**Supplied entries**
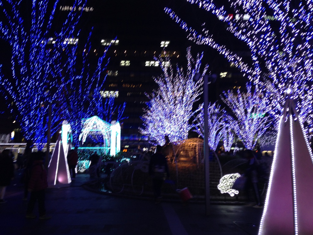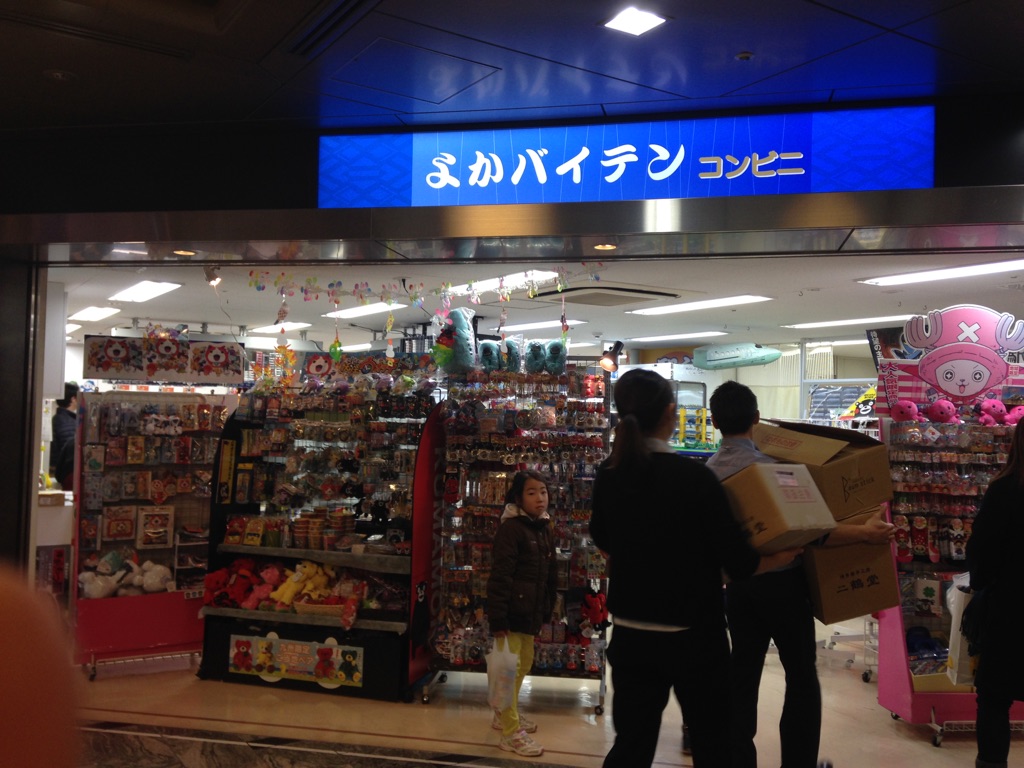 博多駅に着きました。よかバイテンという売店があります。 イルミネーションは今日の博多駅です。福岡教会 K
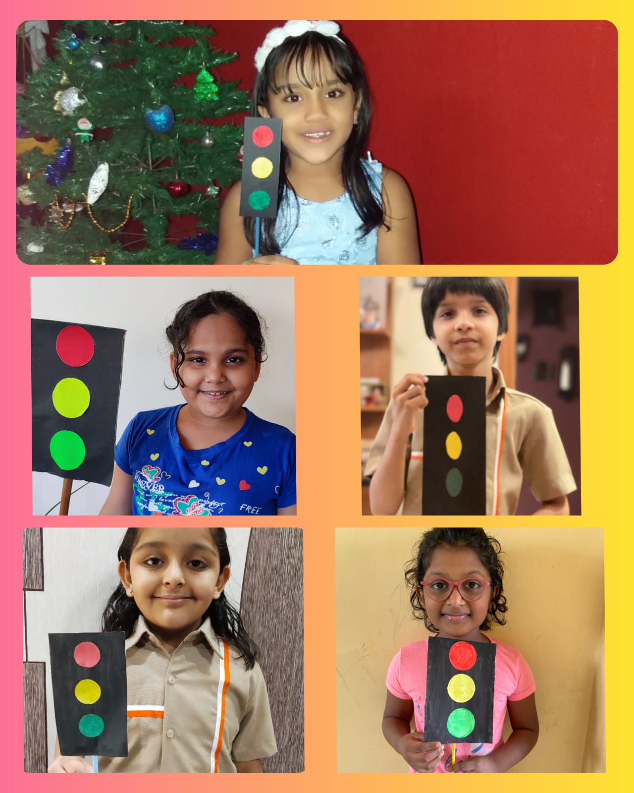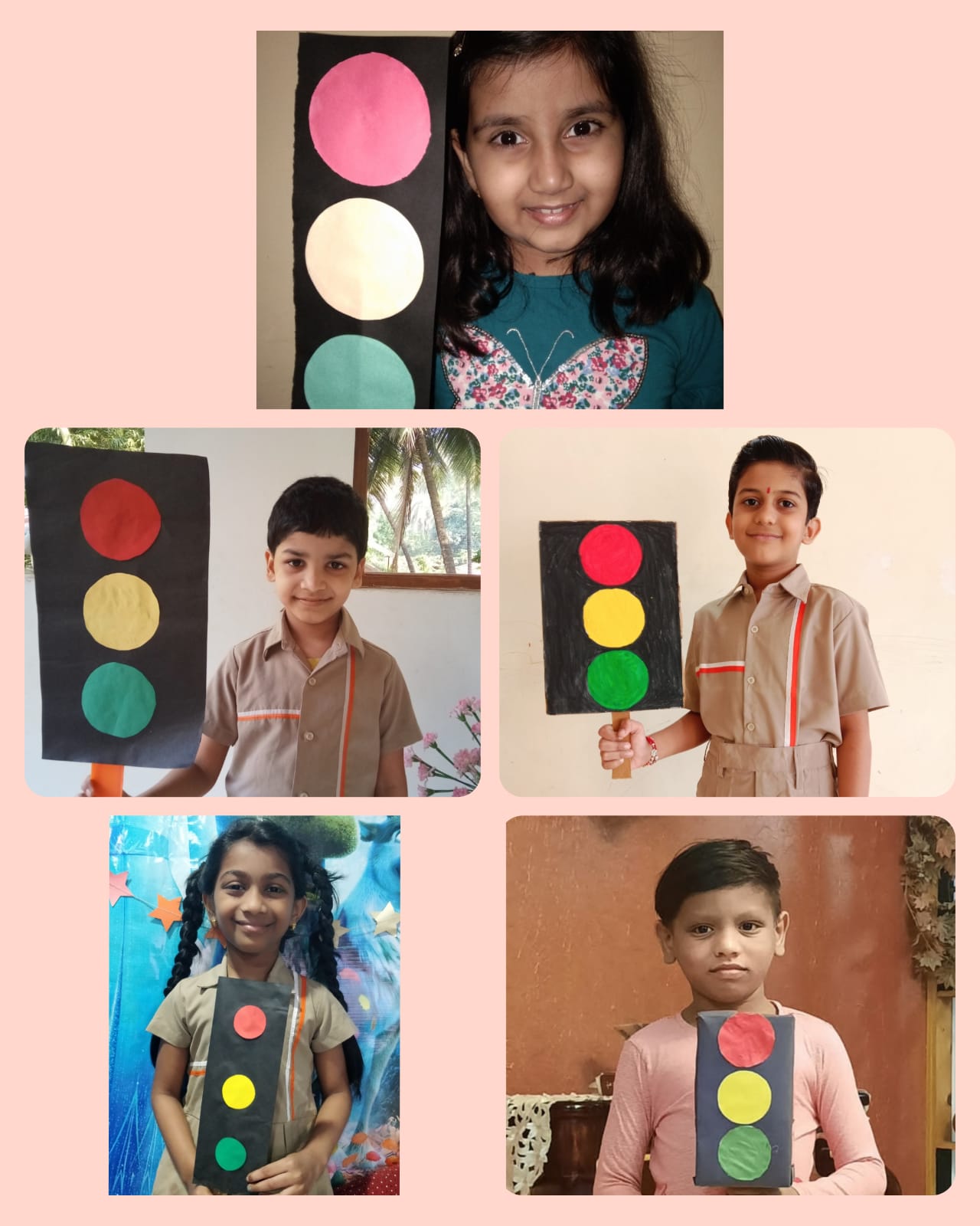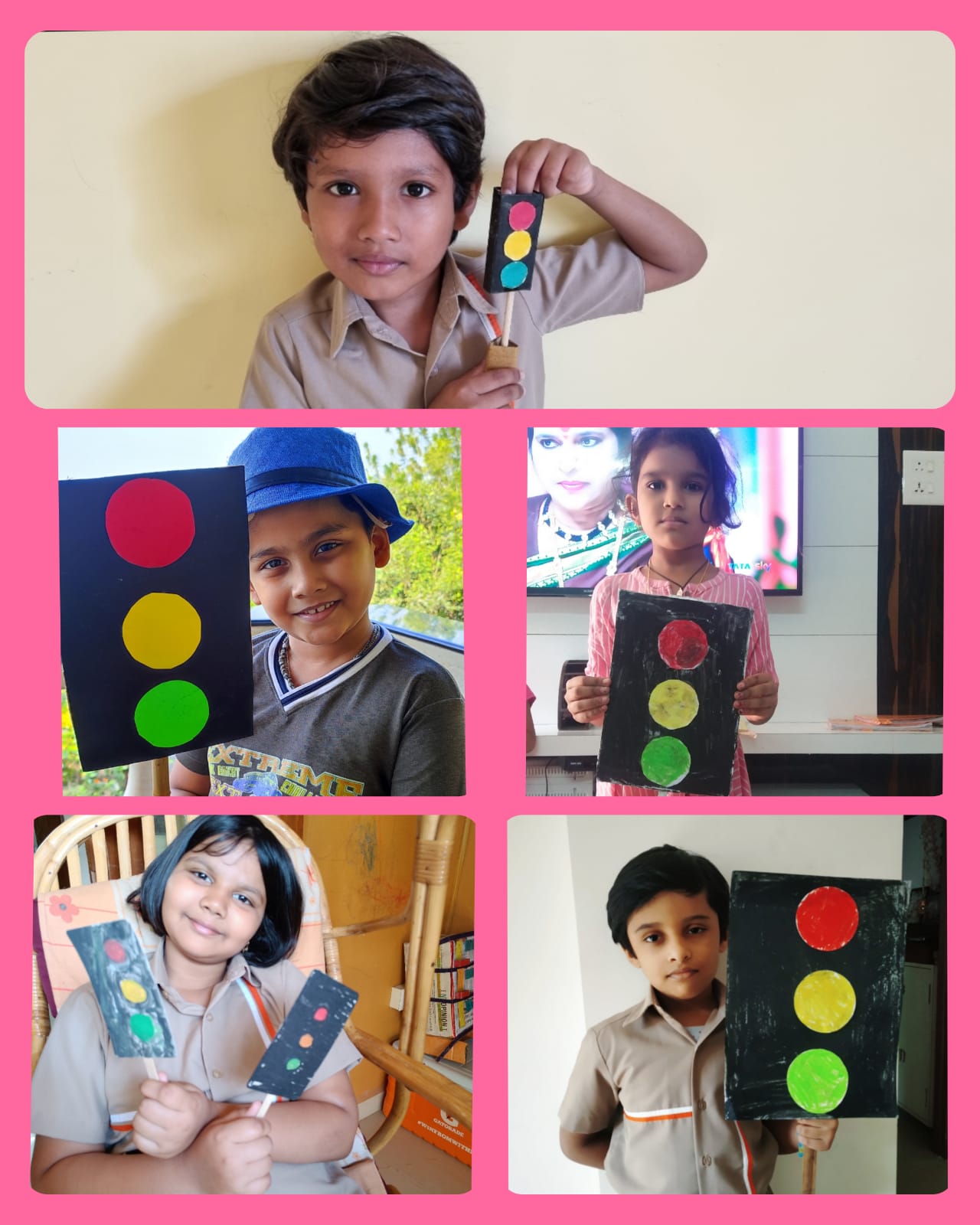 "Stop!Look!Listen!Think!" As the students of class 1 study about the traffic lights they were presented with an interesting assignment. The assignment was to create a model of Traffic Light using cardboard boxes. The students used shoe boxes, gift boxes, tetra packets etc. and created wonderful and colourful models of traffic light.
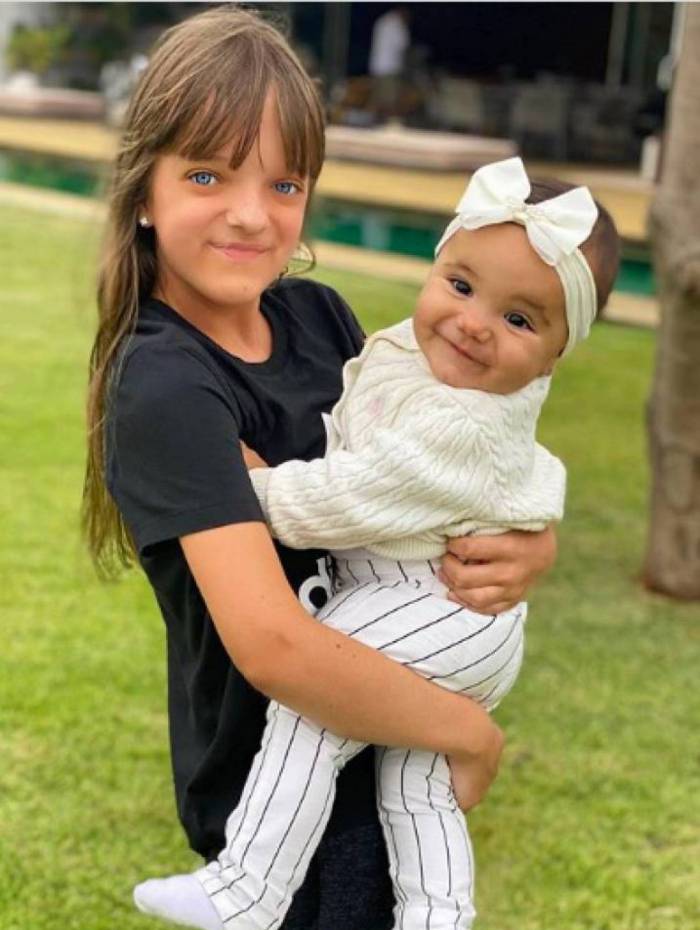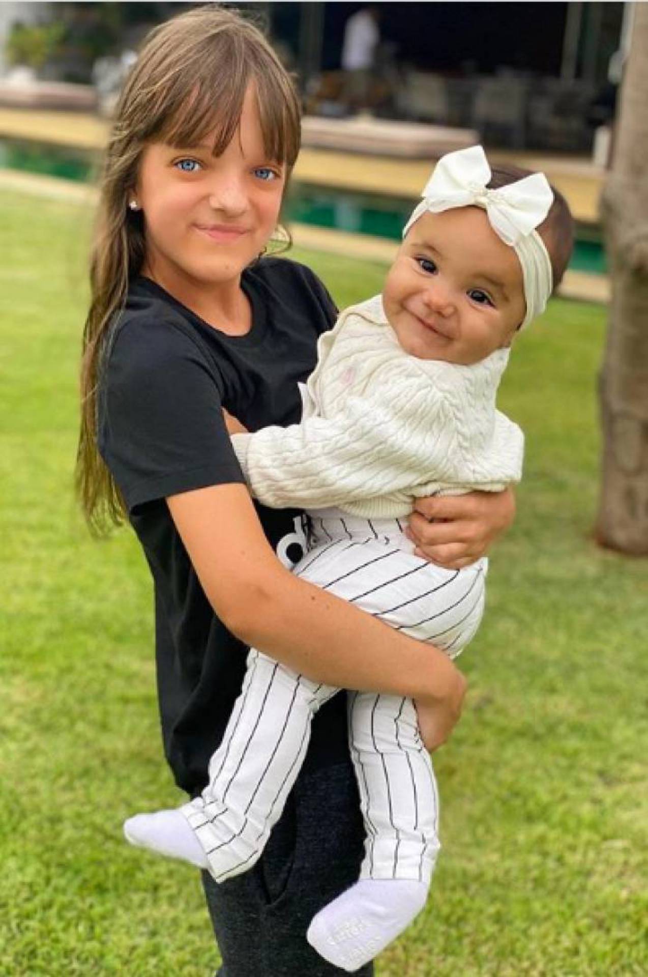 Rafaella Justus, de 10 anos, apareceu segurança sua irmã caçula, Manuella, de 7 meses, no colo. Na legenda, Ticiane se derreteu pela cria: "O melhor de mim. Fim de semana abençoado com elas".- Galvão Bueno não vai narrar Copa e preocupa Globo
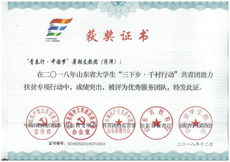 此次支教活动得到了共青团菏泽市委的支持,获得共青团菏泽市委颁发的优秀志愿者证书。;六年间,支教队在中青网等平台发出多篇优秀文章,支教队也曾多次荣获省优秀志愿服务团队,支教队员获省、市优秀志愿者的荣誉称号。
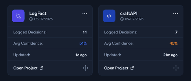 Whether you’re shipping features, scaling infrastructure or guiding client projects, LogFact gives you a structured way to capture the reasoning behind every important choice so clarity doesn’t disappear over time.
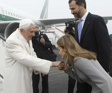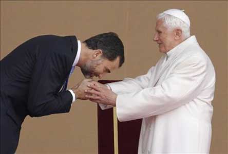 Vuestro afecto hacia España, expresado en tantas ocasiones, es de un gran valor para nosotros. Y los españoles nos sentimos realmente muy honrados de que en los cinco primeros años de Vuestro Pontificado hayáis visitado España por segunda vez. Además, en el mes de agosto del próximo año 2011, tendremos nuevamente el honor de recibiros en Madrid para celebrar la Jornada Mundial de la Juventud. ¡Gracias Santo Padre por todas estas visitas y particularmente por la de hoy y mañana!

**Task to carry out**
Leave out all pictures, then copy the remaining material exactly.

**Task response**
 博多駅に着きました。よかバイテンという売店があります。 イルミネーションは今日の博多駅です。福岡教会 K
 "Stop!Look!Listen!Think!" As the students of class 1 study about the traffic lights they were presented with an interesting assignment. The assignment was to create a model of Traffic Light using cardboard boxes. The students used shoe boxes, gift boxes, tetra packets etc. and created wonderful and colourful models of traffic light.
 Rafaella Justus, de 10 anos, apareceu segurança sua irmã caçula, Manuella, de 7 meses, no colo. Na legenda, Ticiane se derreteu pela cria: "O melhor de mim. Fim de semana abençoado com elas".- Galvão Bueno não vai narrar Copa e preocupa Globo
 此次支教活动得到了共青团菏泽市委的支持,获得共青团菏泽市委颁发的优秀志愿者证书。;六年间,支教队在中青网等平台发出多篇优秀文章,支教队也曾多次荣获省优秀志愿服务团队,支教队员获省、市优秀志愿者的荣誉称号。
 Whether you’re shipping features, scaling infrastructure or guiding client projects, LogFact gives you a structured way to capture the reasoning behind every important choice so clarity doesn’t disappear over time.
 Vuestro afecto hacia España, expresado en tantas ocasiones, es de un gran valor para nosotros. Y los españoles nos sentimos realmente muy honrados de que en los cinco primeros años de Vuestro Pontificado hayáis visitado España por segunda vez. Además, en el mes de agosto del próximo año 2011, tendremos nuevamente el honor de recibiros en Madrid para celebrar la Jornada Mundial de la Juventud. ¡Gracias Santo Padre por todas estas visitas y particularmente por la de hoy y mañana!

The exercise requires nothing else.